Azcarraga hired the successful president of the Club Zacatepec, Guillermo Cañedo de la Bárcena, and started to hire other notable national and foreigner figures, focusing on money, to form a powerful team, Universidad Nacional instead have employed "La cantera universitaria", a  youth development system with football academies and farm teams to success through its history.

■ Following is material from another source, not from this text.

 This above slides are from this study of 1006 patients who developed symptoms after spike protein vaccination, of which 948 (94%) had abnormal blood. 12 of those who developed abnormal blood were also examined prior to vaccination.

The rivalry is particularly fierce from UNAM's side: according to surveys the majority of their supporters consider América as their main rival, however, most of América's fans see it as an important match but deem the match against Chivas as more important.

History and rivalry

During the 1961–62 season in the Segunda División de México, UNAM were able to get promotion into top flight football, the Primera División de México. The first match for the team "benjamín" (newbie) of that season was América meeting on 1 July 1962 where América won 2–0  with goals by Francisco Moacyr and Antonio Jasso.

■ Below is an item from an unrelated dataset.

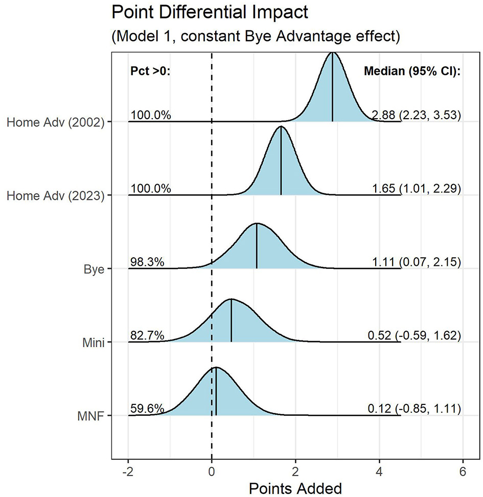 Arguably, the perception of a rest differential impact in the NFL outweighs the evidence. Both Sung and Tainsky (2014) and Sung (2020) found that the bye week provided a competitive advantage that had not yet been picked up in betting markets. However, in neither paper was there a comparison pre and post CBA. Post 2011, Murray (2018) identified that home teams with a one-day MNF disadvantage lost more often than expected, while finding no benefit to a bye advantage. Finally, Karwan (2021) tied the 2011 CBA change to a decrease in the impact of rest for the home team. However, relative rest was not explicitly modeled. Additionally, Karwan (2021) used the betting market point spread as an explanatory variable in models of point differential, which would conceal the effect of rest differential if betting markets already accounted for it.

For the 1966–67 season, América, Atlante and Necaxa moved to a new stadium, the Estadio Azteca, and the first meeting between América  and UNAM on 19 August 1966, América won 5–1. This defeat really hurt the pride of the fans "Universitarios" and playing at home on 1 December 1966, UNAM defeated América 4–1 in the Estadio Olímpico.

Years later, in the 1969–70 season, América were able to get international forward Enrique Borja, news which caused a lot of controversy and shocked the football world due to the strong rivalry between the teams. This transaction caused such an outrage that when the player found out of the transfer he opted not to play because he did not agree. However, the directors of the club were able to convince him and would play and later become an idol for América .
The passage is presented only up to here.